During an early March appearance on CNBC, the Paramount Skydance chief executive, David Ellison, cited a statistic he has come to rely on when laying out his editorial approach for CBS News and, potentially, the cable network he has made a deal to own, CNN. The young media mogul said the networks will prioritize reaching “the 70% of Americans and really around the world that identify as center-left, as center-right”.
The idea of an unaddressed center ground is a powerful talking point. In a world of increasingly partisan politics, Ellison’s promise to address the unheard, silent majority packs a punch – and fits nicely with the approach of one of his most high-profile lieutenants, the heterodox commentator Bari Weiss.
Unfortunately, it appears that Ellison’s 70% figure is not supported by publicly available polling data on the ideological orientation of Americans.
A recent YouGov survey – conducted last fall and published in January – found that only 40% of US adult citizens identify as “center-left”, “center” or “center-right”, not 70%.
Polling published by Pew that was conducted last year similarly puts the number at 41% (including those who self-identify as “Lean Democrat”, “No Lean/Refused”, “Lean Republican”), while Gallup data puts the percentage of Americans who identify as Republican-leaning independents, non-leaning independents and Democratic-leaning independents at 45%, which the company said was a “new high”.
These surveys suggest that the audience that Ellison claims to be targeting, while sizable, does not exist to the degree he has suggested. A spokesperson for Paramount Skydance said the company “stands by the stat” but was not able to provide a particular survey that backed up Ellison’s numbers.
Ellison seems to have first cited the statistic when speaking with reporters in August. “We really want to look at the 70% of the country that kind of would define themselves as center-left to center-right and really ensure that it’s a place that can be true to the legacy that we’re inheriting, and we’re going to invest behind that,” he reportedly said.
During a Bloomberg Media conference in October, Ellison invoked the strategy of another media company he had acquired, Weiss’s Free Press.
“What our goal is in news is we want to become the most trusted destination in news media,” Ellison said. “I don’t think it’s a controversial thing to say right now that the civil discourse that currently exists is not in a great place.

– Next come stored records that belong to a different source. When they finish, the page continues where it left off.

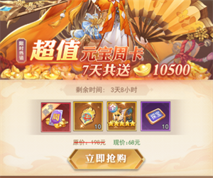 元宝周卡仅仅只需68元,就能每天领取1500元宝,持续七天。
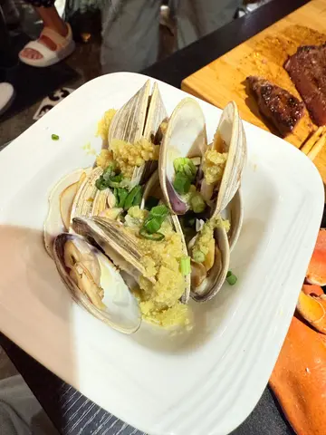 第一次去感覺似入咗間居酒屋,好熱鬧,好有氣氛,老闆娘好熱情招呼每枱客人,佢會遂枱傾計問吓啲嘢啱唔啱食,又會推介有咩抵食好食。講返食物先,我地一行三人,先上枱嘅係芝士焗什菇,因為成8點幾剛放工,所以係一輪狂風掃落葉式被KO,陸續上串燒、焗蠔、同牛扒套餐。個牛扒套餐2百幾蚊,竟然仲要送全隻波士頓龍蝦同一大兜大大隻嘅酒煮大蜆,仲要係質素十分高,肯定唔係cheap貨。焗蠔上枱仲要有兩款口味,芝士同蒜蓉同樣肥美多汁。串燒就真係一定要食燒鱔同燒茄子,真係兩樣都不得了,茄子真係心機之作,每一啖都係平均佈滿香料,非常惹味。鱔就係要encore 再encore之選,皮脆肉滑,非常肥美。最後,我仲買咗即食日本蠔同海膽返屋企食,加上第二日約咗啲老人家去拜年,買咗好多生果,同樣高質,非常值得推介比朋友。
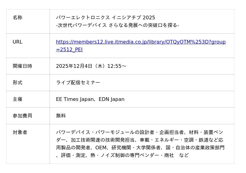 アイティメディア株式会社(本社:東京都千代田区、代表取締役社長 兼 CEO:小林教至、以下アイティメディア)は、2025年12月4日(木)に「パワーエレクトロニクス イニシアチブ 2025」を開催します。本イベントは、エレクトロニクス技術に携わる開発者や企画担当者に向けて、「EE Times Japan」「EDN Japan」が主催するデジタルイベントで、「次世代パワーデバイス さらなる発展への突破口を探る」をテーマに、パワーエレクトロニクス分野の有識者を基調講演に招き、エレクトロニクス技術の最新情報をお届けします。
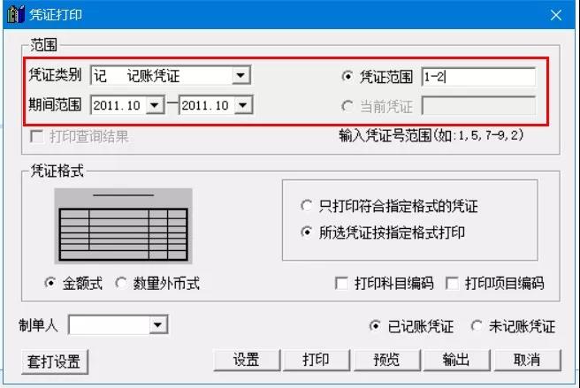 設置好要打印憑證的范圍,這里選的是記賬憑證,10月份的1-2號憑證,測試打印使用。點擊【設置】
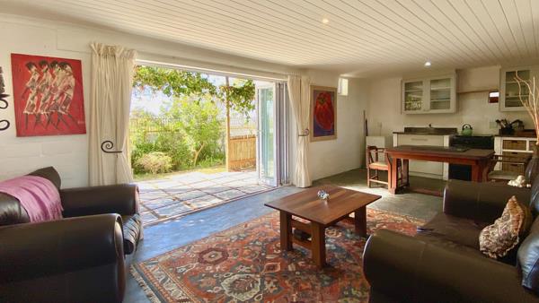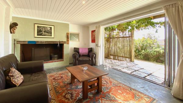 The open-plan living area seamlessly connects to the patio and garden, complemented by a warming fireplace and a practical kitchen.
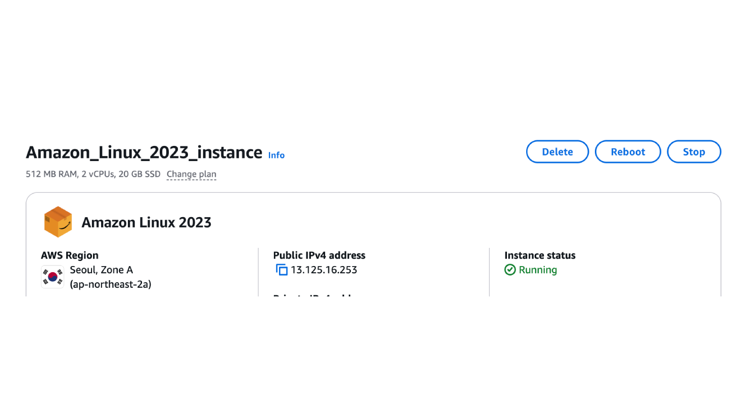 全部打开在 Amazon_Linux_2023_instance 创建的实例中,显示有 Public IPv4 address (即通常所说的IP地址),加上配置的防火墙规则(包括 TCP 协议和端口号 5000)。
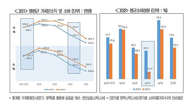 보고서에 따르면 10년 전과 비교해 30대 이하를 제외한 모든 연령대에서 소득은 증가했지만, 이에 비례해 소비 지출은 늘지 않았습니다.
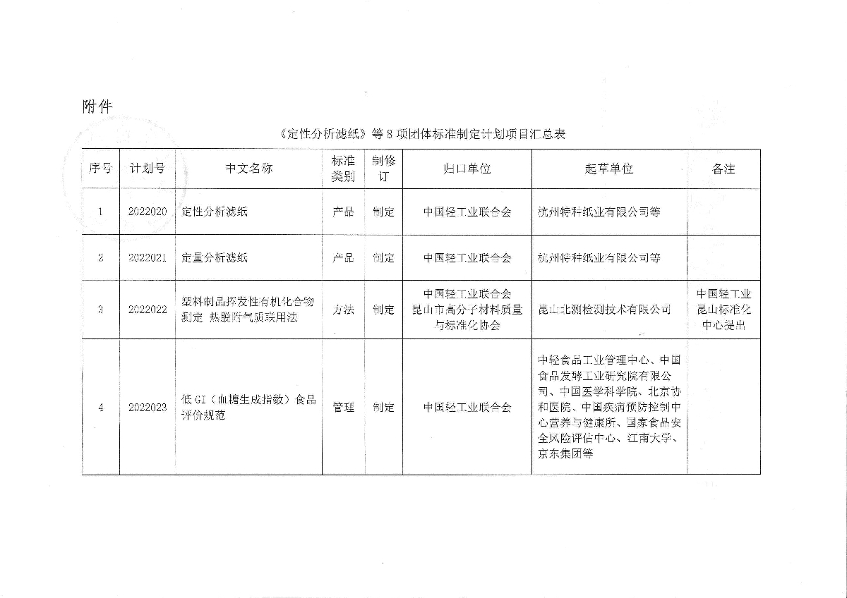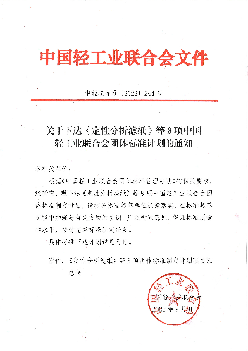 關(guān)于下達(dá)《定性分析濾紙》等8項(xiàng)中國輕工業(yè)聯(lián)合會(huì)團(tuán)體標(biāo)準(zhǔn)計(jì)劃的通知
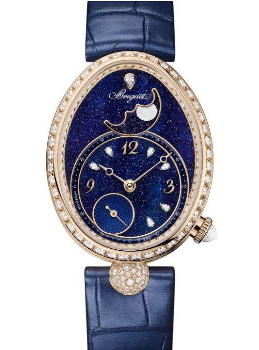 月相以白色珍珠母贝制成,微微拱起,在蓝色砂金石玻璃的映衬下散发莹润光泽。这一设计在Reine de Naples那不勒斯王后系列中亦是首次出现。此外,腕表亦配有宝玑隐形签名。完全透明的星星表面在珍珠母贝下以白色描绘。唯有佩戴者近距离细察方能辨认。

We basically believe in all the things that the Free Press believed in: which is we want to speak to the 70% of the audience that identifies themselves as center-left to center-right.”
Ellison has used the stat to suggest that the vast majority of Americans are not actually wedded to one political party – and therefore would be open to programming from a more neutral perspective. But according to Gallup’s data from 2025, more than half of Americans – 54% – identify as either Democrats or Republicans, with another 35% characterized as “Republican-leaning independents” or “Democratic-leaning independents”. Pew data has the number of self-identified Republicans or Democrats at 59%.
Daniel Cassino, a professor of government and executive director at Fairleigh Dickinson University’s polling operation, said that Americans have a hard time categorizing their leanings – but that, based on his interpretation of American National Election Study data, about 47% of respondents could broadly be considered in the centrist range.
Looking at the implications for Ellison-owned networks, Cassino said that a centrist-oriented news organization could be successful, but that it would face an uphill battle. “The audience for every news channel is largely going to consist of partisans and people who have relatively extreme partisan views, because they’re the ones who care about political news and follow it,” he said.
During a recent appearance on Katie Couric’s streaming show, the former CBS News correspondent Scott MacFarlane dismissed the notion that the network was specifically targeting conservative viewers, as had been suggested by a departing producer.
“I don’t think anybody knows how to do that,” MacFarlane said. “There can’t be a plan for how to go: ‘We want to find that 10% of purple, right, conservative, Stark county, Ohio, Macomb county, Michigan, people. The politicians may have a strategy for reaching those people, but television news does not. There’s no formula that works for that.”
The early returns on Ellison-owned and Weiss-run CBS News have not been promising. While 60 Minutes remains a major success, the network’s morning show and flagship evening news program – anchored by Weiss favorite Tony Dokoupil – have struggled mightily. The CBS Evening News averaged about 4 million total viewers in March, a new low for the show.